The weather has been crazy, yesterday it was 83 degrees, 90% humidity.  This morning it was 50 degrees, 60% humidity, with winds 20 mph.  The former is a lot hotter than you’d think, and the latter is a lot colder than you’d expect.  I’ve completed all of the levels of candy crush, and now we wait for an update.  In television news, you should be watching The Blacklist.  That is the only new television show I can definitely vouch for as amazing.  If you watch Homeland and Scandal, you should be reading this weekly blog series The Heroine Watch.  It definitely enhances what otherwise has been a season of extremely depressing and upsetting story lines.

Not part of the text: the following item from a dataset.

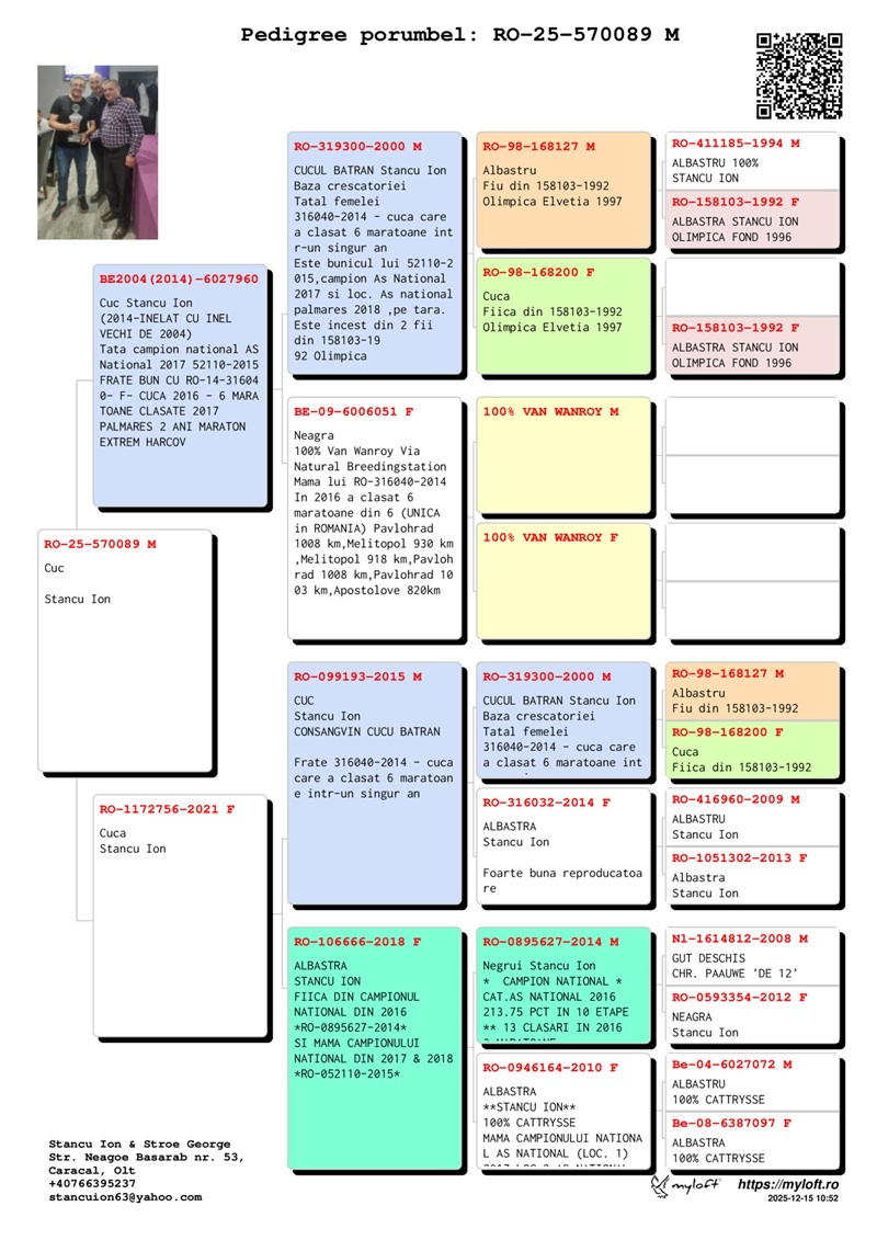 Today, with an impressive collection of trophies and vast experience, Stancu is not only a champion but also a mentor who inspires future generations of pigeon fanciers. Through his example, he conveys the passion for pigeon racing and the pursuit of excellence, becoming a model of dedication and integrity.

I can’t wait until I can run and go to yoga and play tennis again, I’m hoping to be able to start doing more in the next couple of week.  I’ve been walking a mile in the morning and a mile at night, and standing up at my desk during the day, and I’ve been able to do that with occasional pain.  The range of motion in my ankle is limited in all directions, but I believe that it is getting a little better every day.  I still have some numbness in my big toe and on the outside of my heel, but the scar is healing well.

Until then, Briscoe and her pink gorilla are making sure my yoga mat feels loved.